Con un “cantaito” en el hablar –“tú eres el que canta, habanero”, me ripostaban– Osvaldito, hablaba y me miraba con cariño. Yo to´ “embarrao’” y él, tartamudeando: “Carlito, los mangos jobos na-na-ma’ que lo comen los-los puercos”.

Cuando llegué a la adolescencia, dejé de ir a San Diego. A finales de los años setenta, mi anciana tía y su hija –que por fin se casó– se mudaron a La Habana. Mi vida, además, cogió por otros rumbos.

Después, en 1991, me fui de Cuba. Viví en diferentes ciudades de los Estados Unidos y he “chancleteado” bastante por el mundo. Pero siempre recordé con cariño aquellos días de mi niñez cuando el evento más importante del verano era pasarme unas semanas en aquel bohío, entre aquella gente buena.

El año pasado, después de más de cuarenta años de ausencia, por fin regresé a San Diego de los Baños. Fui a visitar a los tíos y parientes que todavía me quedan allí. De paso, llevé a mi hijo mayor, para que conociera el terruño de sus ancestros y los lindos campos que yo había recorrido de pequeño. En el lugar donde antiguamente vivía mi tía ya no había casas.

Nosotros pasamos toda la jornada caminando por el pueblo y explorando los alrededores (Parque Nacional La Güira, el balneario). En la tarde nos despedimos de nuestros familiares y nos preparamos para regresar a La Habana.

El caso es que, en el camino entre el pueblo y el entronque, como de la nada, se apareció un viejo que vendía mangos. Al instante me acordé de que los mangos de San Diego eran especiales y paré allí mismo. El anciano, de unos ochenta años, ofrecía un cubo llenito de mangos y los daba por un CUC. (¿Se imaginan, un cubo de mangos por un fulita?).

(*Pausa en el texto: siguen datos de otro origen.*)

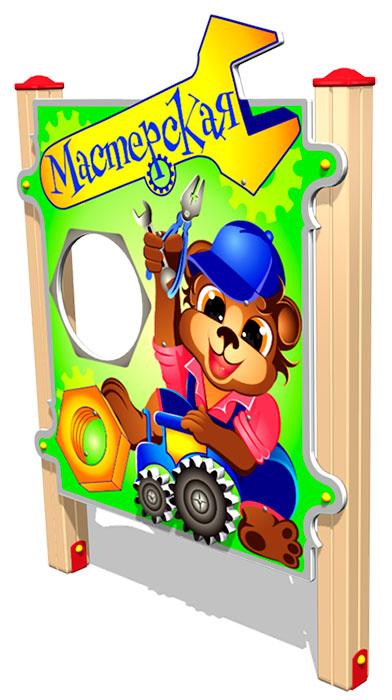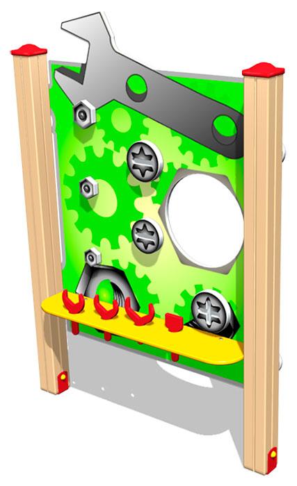 Развивающий элемент-бизиборд «Мастерская У1» представляет собой панель, на которой ребенок может подобрать гаечные ключи к гайками разного размера, отвертки к саморезам и поиграть с шестеренками.

¿Cómo desaprovechar aquella oportunidad? Convidé a mi hijo a comernos unos mangos allí mismo (como si haciéndole probar aquella fruta pudiera trasplantarle también mis vivencias infantiles).

Le pregunté al anciano si nos podía conseguir agua pues queríamos comer mango allí mismo, a lo salvaje, “embarraos”. Con esa hospitalidad propia del pinareño, y de todo guajiro cubano, el viejo nos invitó a pasar y nos trajo una palangana de agua. Allí, en el portal –era una tarde de domingo– había varios familiares reunidos que jugaban dominó, los niños corrían en el jardincito y era todo jolgorio. El sabor de los mangos, el aire, las voces de los campesinos, todo que me hizo recordar los días en que yo, de niño, había desandado aquellos campos. Y me acordé del mango jobo.

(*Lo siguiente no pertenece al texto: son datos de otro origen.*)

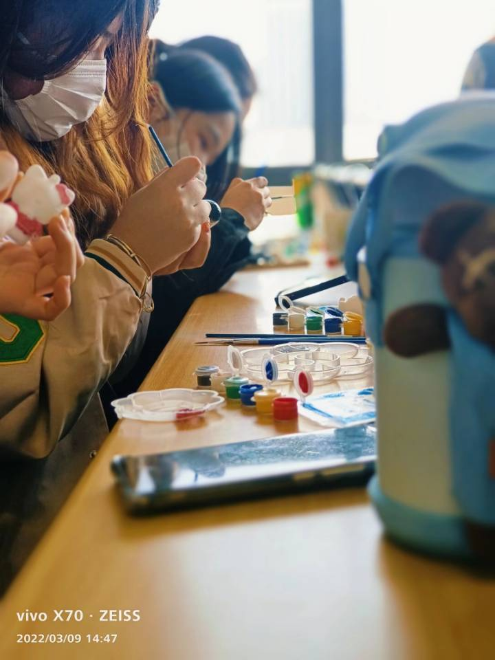 活动前期,学院用3D打印技术打印活动所需要的冰墩墩。如此可爱的冰墩墩,谁不想拥有呢!活动还没有开始,女生们早已经来到,志愿者也早已经把冰墩墩,颜料,画板,围裙等准备好。活动开始女生们都忙着为自己的冰墩墩画成自己心意的样子,看着她们认真小心的画着。活动结束,同学们互相看着各自画的冰墩墩,整个教室充满了笑声。

—Señor—le dije al viejo—y entre tanto mango rico, ¿no tendrá por ahí un mango jobo?

El viejo me miro extrañado y me respondió que no, que ese mango no era muy común. “Eso no le gusta a nadie”, dijo el campesino. A mí me dio por hacerle el cuento y le dije:

–Hace más de cuarenta años, cuando yo era un chamaquito, venía todos los veranos a esta zona. De hecho, jugaba con unos niños hijos de un tal Pipo Carmona, y ellos siempre me recriminaban cariñosamente por mi gusto extraño y me decían eso mismo: que el mango jobo solo lo comían los puercos.

El anciano se quedó callado y me lanzó una mirada enigmática. Se hizo silencio en el portal.

De pronto, entre el grupo de desconocidos que oían curiosos mi historia, se levantó un hombre, como de mi edad, me miro con los ojos húmedos de dulzura y me dijo, gagueando: “Carlito, es que los mangos jobos na-na’ ma’ que lo comen los-los puercos”.